There was a moment of silence as Simon's words sunk in.

"I miss her too, Simon" Soap finally spoke up.

"I still remember how we used to joke around. It was always so much fun. Even now I can't believe all of that is over" Tears started to well up in Soap's eyes.

"But she promised to come back, didn't she?"

"She is not coming back, Soap" Simon looked down, feeling defeated.

"But we never found her"

"She is not coming back" Secretly, Simon was hoping for my return, but he knew it would never happen.

Soap sighed deeply and turned away, his heart heavy and his eyes wet. He just couldn't shake off the image of me lying there, slowly being consumed by death.

In fact, the past few weeks had been so painful, Soap even forgot I wasn't alive anymore. There were times when he would wait for my laughter after telling a joke. But the truth was, Soap felt overwhelming guilt as he couldn't shake the feeling that he was responsible for my death. Every time he thought about the incident, his stomach twisted into knots because he knew he had made a mistake, and the consequences of his actions haunted him every day.

But sometimes he would think I had finally gotten my dream life after leaving task 1-4-1. There were times when he believed I had gone on a long long trip but then, all of a sudden, he would remember the truth. And while I disappeared like smoke, I lived on in his head.

Simon, on the other hand, was still trapped in the same endless cycle. He wouldn't eat, and if he did, his food would taste like acid. He kept making meals for two, even though it was eaten by one. He would sit at the table and talk to the empty chair, pretending I was there with him.

The truth was, my death affected him more than anything else. I was the one who showed him love, I was the one who healed him. He had lost his light and his hope, the only thing that made him feel human.

And every day he had to face it alone.

At times, he would go outside and look up at the stars and imagine me up there, shining like one of them.
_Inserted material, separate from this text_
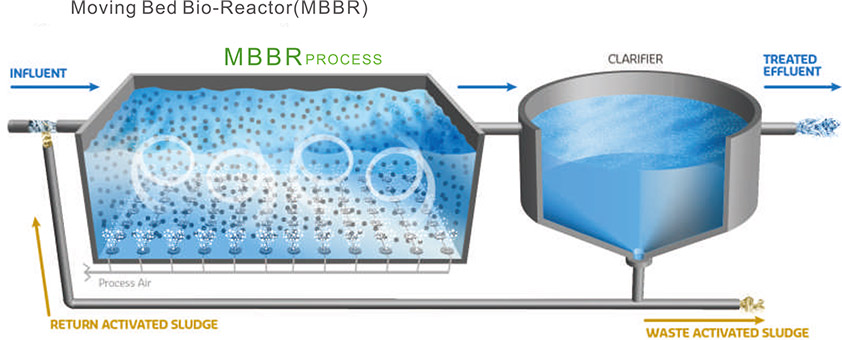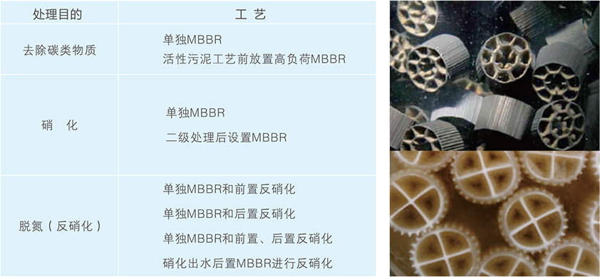 移动床生物膜反应器(Moving Bed Bio-Reactor,MBBR)是一种新型的生物膜处理技术,其通过向反应器中投加一定数量比重接近于水且比表面积大的悬浮填料,以此作为微生物附着生长的载体;在水力作用下生物膜悬浮载体随水流的提升作用而在反应器中移动,与污水混合均匀;污水连续进入反应器,大量生长在悬浮填料上的微生物对污水中的污染物进行吸附、同化或异化降解,从而达到净化污水的目的。
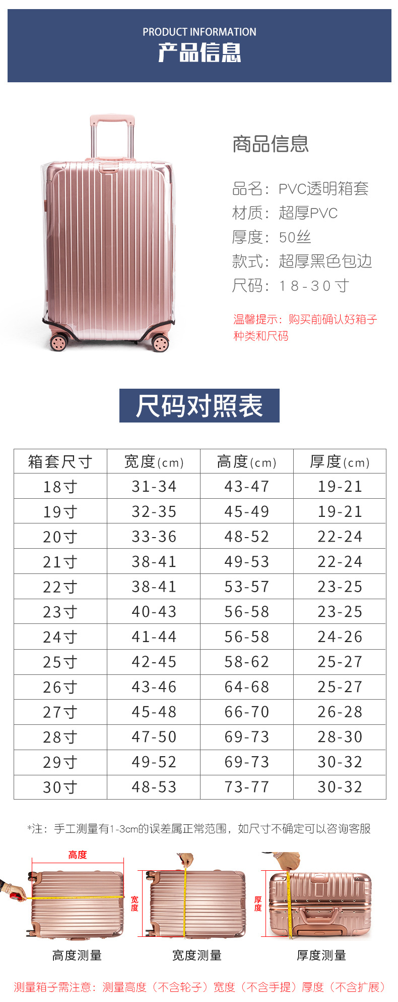 맞춤형 50수 가방 보호 커버 PVC 여행용 트롤리 가방 커버 방진 방수 커버 방수 보관

It was comforting for him to think I was still out there somewhere. He was sure that I was watching over him and he felt relief in thinking that I was in a better place, that I was finally happy.
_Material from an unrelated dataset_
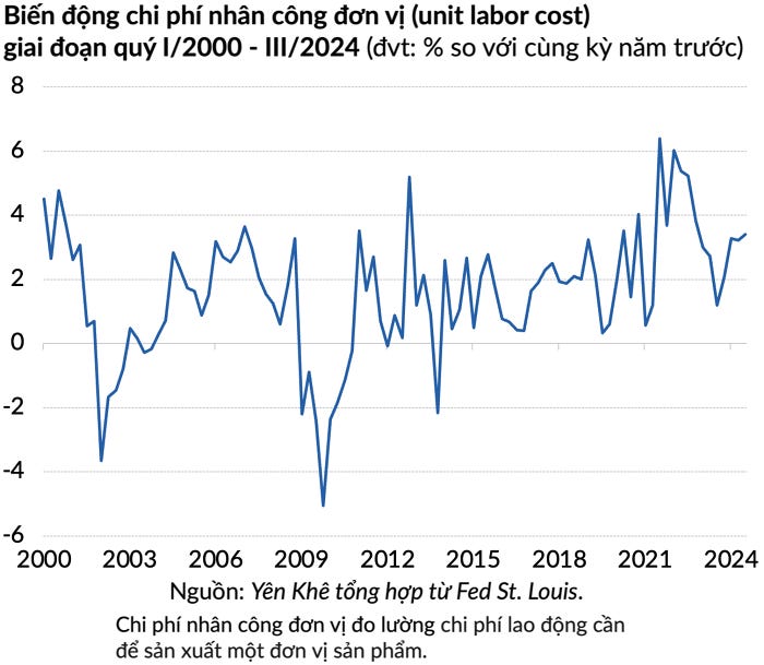 Chi phí lao động đã tăng tốc trong những tháng gần đây, các chiến lược gia lưu ý. Chi phí nhân công đơn vị (unit labor cost - tức chi phí lao động cần để sản xuất một đơn vị sản phẩm) tăng 3,4% so với cùng kỳ vào quý III, theo dữ liệu từ Fed.

As the days passed, Simon was drawn more and more to my tombstone. It became the only place where he could feel some sort of connection to me. Every single day, he would make his way there, often visiting multiple times throughout the day, and simply sitting in peaceful silence.

At first, he talked to me, telling me about his day, his feelings, and his regrets. He would share stories of our time, recalling our happiest moments and the things we used to do. But over time, he found that mere words could not describe his sorrow.

So he would just sit there, lost in a sea of thoughts, filled with memories of me. Sometimes, he would bring a book to read, but his mind would start to wander, and he couldn't focus on the words.

He would go to the shore whenever he needed to clear his mind. It was the place where we spent so much time together, where we laughed and played and dreamed of the future. The sound of the waves crashing against the shore, the salty smell of the ocean, and the cool breeze that brushed against his face - everything reminded him of me.

He would sit on the same rock where we used to sit, watching the ocean and listening to the seagulls cry. Sometimes he would close his eyes and imagine that I was there beside him, holding his hand. Other times, he would walk along the shore, picking up shells and stones and tossing them into the water, as we used to do.

And so, that chapter in his life was nowhere near the end because he continued to dream of seeing me again.

Of giving me the life I always wanted.